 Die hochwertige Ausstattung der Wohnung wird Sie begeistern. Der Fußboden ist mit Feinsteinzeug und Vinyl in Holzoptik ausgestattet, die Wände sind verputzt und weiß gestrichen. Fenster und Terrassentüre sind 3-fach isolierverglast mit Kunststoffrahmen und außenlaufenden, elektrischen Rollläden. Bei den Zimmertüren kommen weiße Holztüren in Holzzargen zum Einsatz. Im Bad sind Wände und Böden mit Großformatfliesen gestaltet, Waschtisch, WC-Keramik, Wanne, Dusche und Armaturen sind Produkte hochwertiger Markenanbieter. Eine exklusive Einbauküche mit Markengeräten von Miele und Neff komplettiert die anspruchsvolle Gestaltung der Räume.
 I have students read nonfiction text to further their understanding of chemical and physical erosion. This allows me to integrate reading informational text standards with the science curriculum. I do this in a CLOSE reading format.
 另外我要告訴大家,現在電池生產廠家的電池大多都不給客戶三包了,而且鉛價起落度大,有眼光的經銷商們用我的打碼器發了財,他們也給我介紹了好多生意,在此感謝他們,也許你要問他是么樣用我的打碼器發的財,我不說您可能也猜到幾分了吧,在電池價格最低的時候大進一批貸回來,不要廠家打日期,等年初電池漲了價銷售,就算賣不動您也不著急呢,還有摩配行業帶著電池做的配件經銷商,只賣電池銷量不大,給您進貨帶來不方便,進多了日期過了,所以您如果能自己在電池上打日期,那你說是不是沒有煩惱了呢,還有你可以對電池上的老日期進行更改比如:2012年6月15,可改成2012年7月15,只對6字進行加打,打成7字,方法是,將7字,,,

==

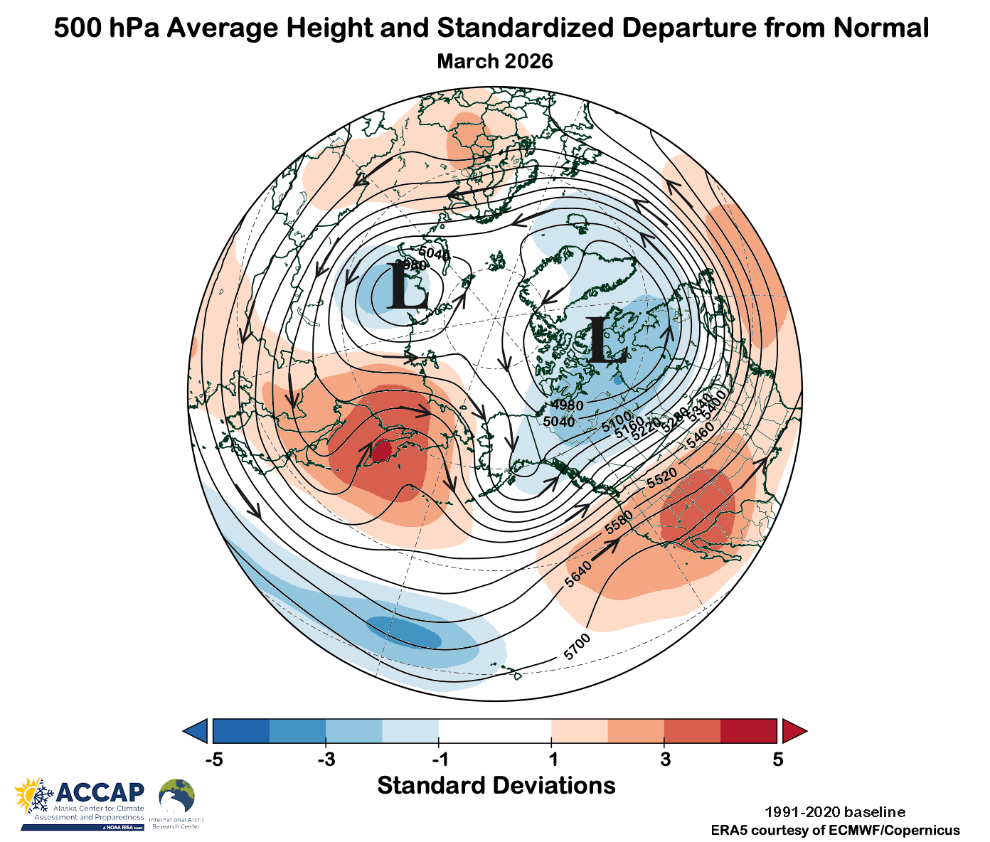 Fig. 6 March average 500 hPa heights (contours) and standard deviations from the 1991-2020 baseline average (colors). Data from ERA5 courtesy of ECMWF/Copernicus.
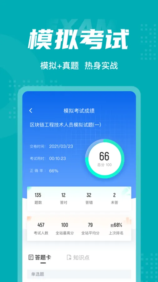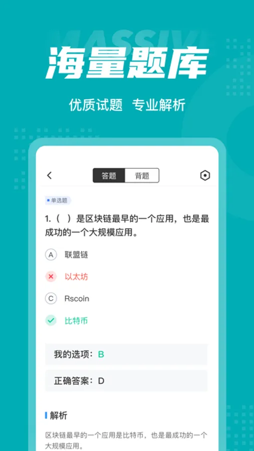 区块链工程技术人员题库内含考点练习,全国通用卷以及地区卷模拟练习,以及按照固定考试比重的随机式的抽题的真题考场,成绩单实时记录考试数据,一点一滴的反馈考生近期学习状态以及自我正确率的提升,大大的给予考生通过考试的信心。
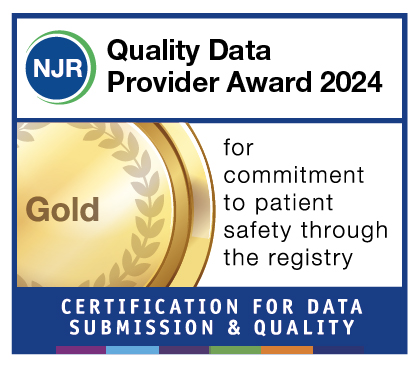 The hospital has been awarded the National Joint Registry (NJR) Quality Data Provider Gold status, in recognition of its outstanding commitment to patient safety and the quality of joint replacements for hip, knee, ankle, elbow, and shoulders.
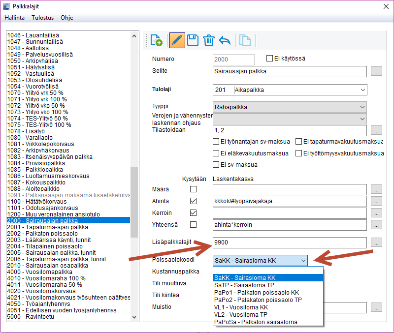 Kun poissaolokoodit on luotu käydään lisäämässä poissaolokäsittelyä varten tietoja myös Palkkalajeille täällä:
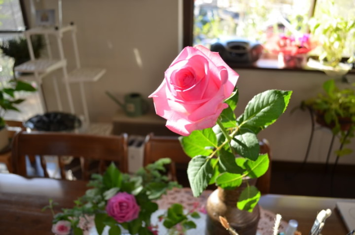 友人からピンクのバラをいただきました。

* * *

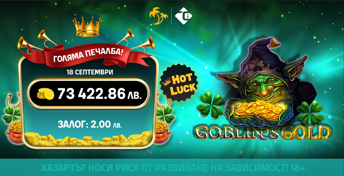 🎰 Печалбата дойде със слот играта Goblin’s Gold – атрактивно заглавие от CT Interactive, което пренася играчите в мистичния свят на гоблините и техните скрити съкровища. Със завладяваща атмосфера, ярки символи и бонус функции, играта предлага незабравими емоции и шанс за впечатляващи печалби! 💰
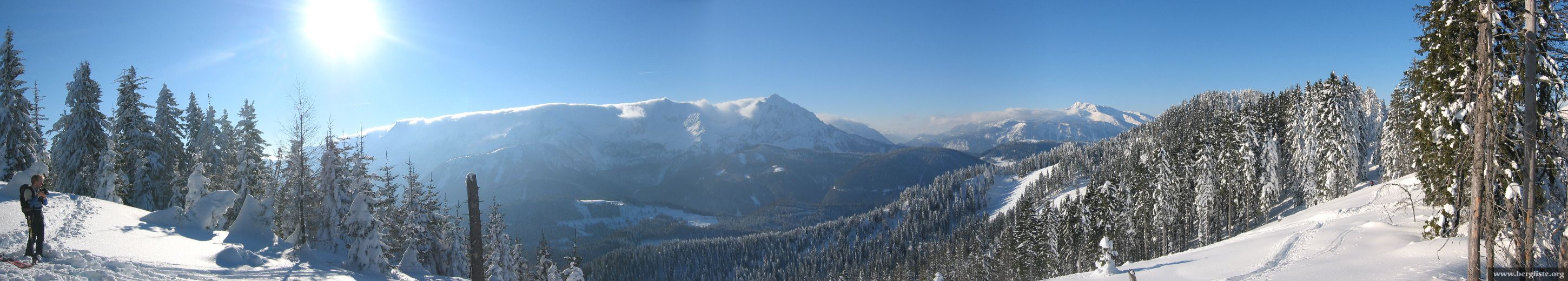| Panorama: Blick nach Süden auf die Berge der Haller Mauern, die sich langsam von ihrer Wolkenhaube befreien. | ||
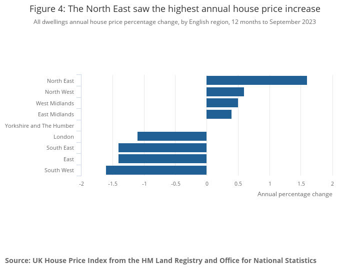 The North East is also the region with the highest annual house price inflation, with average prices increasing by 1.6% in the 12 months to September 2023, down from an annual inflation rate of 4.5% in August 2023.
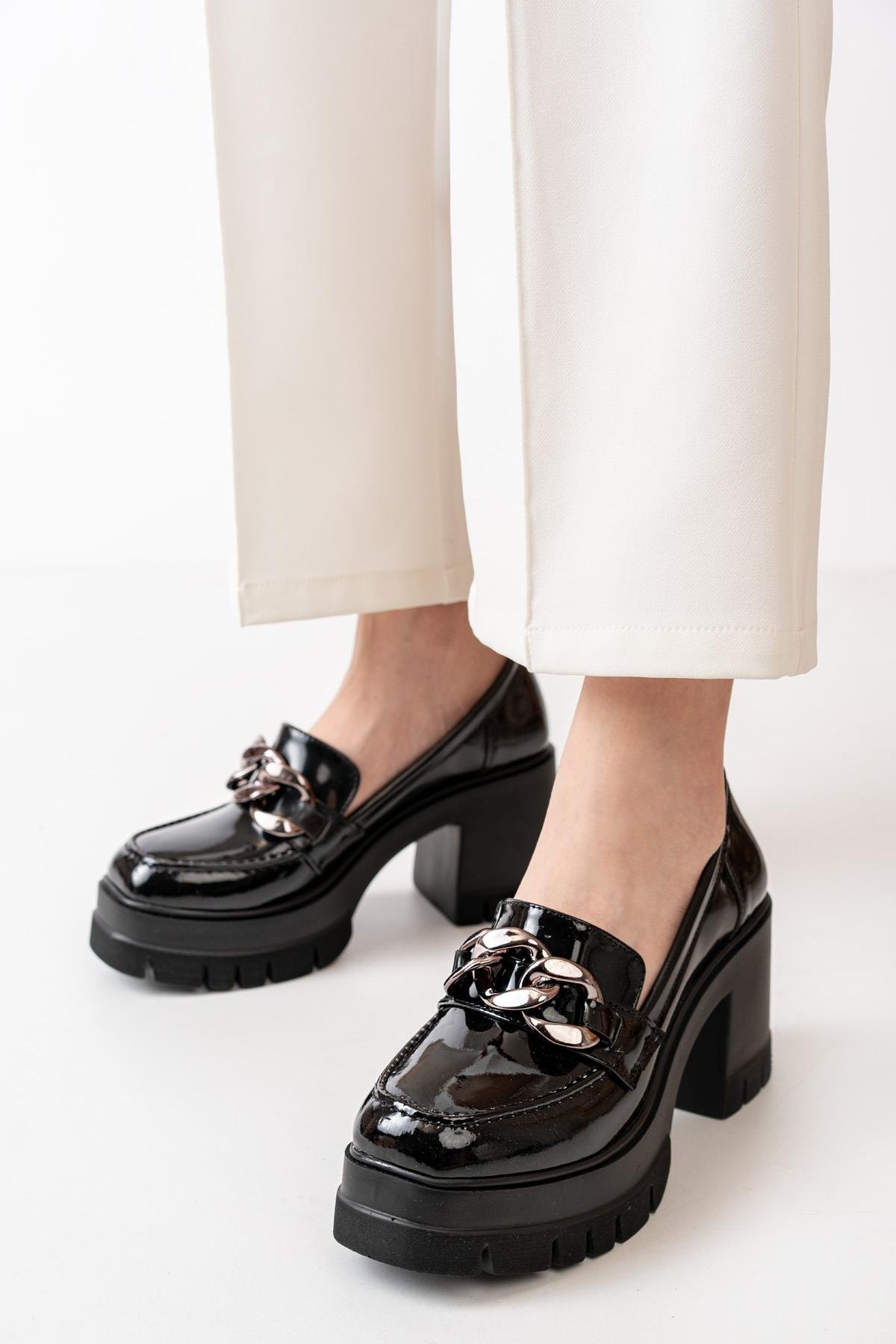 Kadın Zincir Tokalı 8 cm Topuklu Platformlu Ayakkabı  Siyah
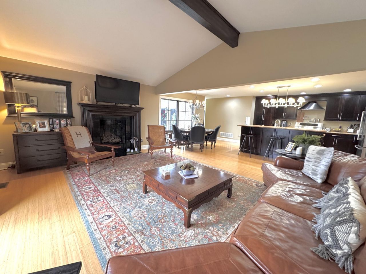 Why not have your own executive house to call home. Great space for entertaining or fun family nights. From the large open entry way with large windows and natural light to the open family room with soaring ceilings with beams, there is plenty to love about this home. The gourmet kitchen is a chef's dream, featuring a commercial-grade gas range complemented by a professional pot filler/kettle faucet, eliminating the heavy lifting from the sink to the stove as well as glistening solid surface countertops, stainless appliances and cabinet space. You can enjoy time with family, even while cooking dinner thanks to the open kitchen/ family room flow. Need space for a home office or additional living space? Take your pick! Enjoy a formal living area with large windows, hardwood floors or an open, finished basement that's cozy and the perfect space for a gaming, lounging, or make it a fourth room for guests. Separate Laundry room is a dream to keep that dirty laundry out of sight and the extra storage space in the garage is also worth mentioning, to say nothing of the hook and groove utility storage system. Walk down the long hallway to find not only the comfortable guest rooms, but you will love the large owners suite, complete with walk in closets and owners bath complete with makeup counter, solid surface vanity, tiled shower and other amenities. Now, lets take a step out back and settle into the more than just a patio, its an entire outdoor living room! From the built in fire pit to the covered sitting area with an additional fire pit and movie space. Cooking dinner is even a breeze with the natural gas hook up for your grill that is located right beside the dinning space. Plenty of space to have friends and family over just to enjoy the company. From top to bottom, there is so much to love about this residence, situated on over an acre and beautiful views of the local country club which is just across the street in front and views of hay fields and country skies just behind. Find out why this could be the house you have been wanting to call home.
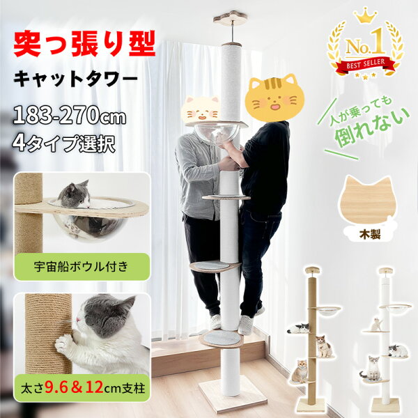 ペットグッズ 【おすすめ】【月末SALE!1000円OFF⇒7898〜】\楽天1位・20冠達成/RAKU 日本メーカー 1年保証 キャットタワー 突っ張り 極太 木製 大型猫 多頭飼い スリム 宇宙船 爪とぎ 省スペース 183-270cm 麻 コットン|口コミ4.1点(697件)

[TASK ITEM]: Which lines above run from the one containing "Die hochwertige Ausstattung" down to the one containing "另外我要告訴大家,現在電池生"? Repeat exactly those, both ends included, and nothing else.

[ANSWER BELOW]:
 Die hochwertige Ausstattung der Wohnung wird Sie begeistern. Der Fußboden ist mit Feinsteinzeug und Vinyl in Holzoptik ausgestattet, die Wände sind verputzt und weiß gestrichen. Fenster und Terrassentüre sind 3-fach isolierverglast mit Kunststoffrahmen und außenlaufenden, elektrischen Rollläden. Bei den Zimmertüren kommen weiße Holztüren in Holzzargen zum Einsatz. Im Bad sind Wände und Böden mit Großformatfliesen gestaltet, Waschtisch, WC-Keramik, Wanne, Dusche und Armaturen sind Produkte hochwertiger Markenanbieter. Eine exklusive Einbauküche mit Markengeräten von Miele und Neff komplettiert die anspruchsvolle Gestaltung der Räume.
 I have students read nonfiction text to further their understanding of chemical and physical erosion. This allows me to integrate reading informational text standards with the science curriculum. I do this in a CLOSE reading format.
 另外我要告訴大家,現在電池生產廠家的電池大多都不給客戶三包了,而且鉛價起落度大,有眼光的經銷商們用我的打碼器發了財,他們也給我介紹了好多生意,在此感謝他們,也許你要問他是么樣用我的打碼器發的財,我不說您可能也猜到幾分了吧,在電池價格最低的時候大進一批貸回來,不要廠家打日期,等年初電池漲了價銷售,就算賣不動您也不著急呢,還有摩配行業帶著電池做的配件經銷商,只賣電池銷量不大,給您進貨帶來不方便,進多了日期過了,所以您如果能自己在電池上打日期,那你說是不是沒有煩惱了呢,還有你可以對電池上的老日期進行更改比如:2012年6月15,可改成2012年7月15,只對6字進行加打,打成7字,方法是,將7字,,,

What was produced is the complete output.